Introduction
Animals, including humans, are born with in-built instincts to perform adaptive behaviors. These instincts include many reflexes and relatively straightforward behaviors, such as food-seeking behavior. But, as animal behavior gets more complex, there are in-build instincts which are correspondingly more complex (e.g., food storing behaviors). Thus, personality in humans is considered, from an evolutionary perspective, not be qualitatively different in origin than the drive in dogs, for example, to bury their bones, or squirrels to store acorns. It's just that human personality is even more complex.
The evolutionary perspective of personality probably makes most sense when considered in conjunction with other perspectives. Evolutionary psychology can seen, for example, as a theoretical platform which underlies the human personality. At birth, everyone starts from scratch, with a unique genotype, some inbuilt instincts (including a temperament), and a pre-wired capacity to learn certain kinds of behaviors. Biological processes, psychodynamics proceses, behavioral processes, social shaping processes, etc. then unfold, interacting with the individual's genotype, to dynamically create the unique psychological characteristics of the individual. All the time, however, this shaping occurs within certain parameters layed down by the genotype, which itself is a synthesized expression of the knowledge of human evolution about what seems to be adaptive, stored and conveyed through genetic code.
The evolutionary perspective is closely related to all other perspectives of personality.
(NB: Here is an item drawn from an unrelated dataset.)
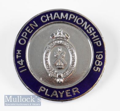 1985 Open Golf Championship Players Enamel Badge 114th Championship Royal St Georges Golf Club and won by Sandy Lyle

Freud, for example, was ultimately famous for being the father of psychology, by revealing that human behavior was driven by unconscious, instinctual forces. Freud understood personality as arising from the way in which humans were able to resolve these instinctual impulses (such as for pleasure, sex, food, etc.) with societal constraints, and the long-term needs of the individual. Indeed, there is evidence that Freud was influenced by the writings of Darwin and that he greatly admired Darwin's work (Sulloway, 1979, cited in McAdams, 1994).
Skinner, the famous advocate for behavioral understandings of the human behavior, also understood their to be a role played by evolutionary forces, although he saw this as not being as important as environmental reinforcement:
"We can trace a small part of human behavior...to natural selection and the evolution of the species, but the greater part of human behavior must be traced to the contingencies of reinforcement, especially to the very complex social contingencies we call cultures. Only when we take those histories into account can we explain why people behave the way they do."
- Skinner, 1989, p. 18, cited in Feist & Feist (2002, p. 281)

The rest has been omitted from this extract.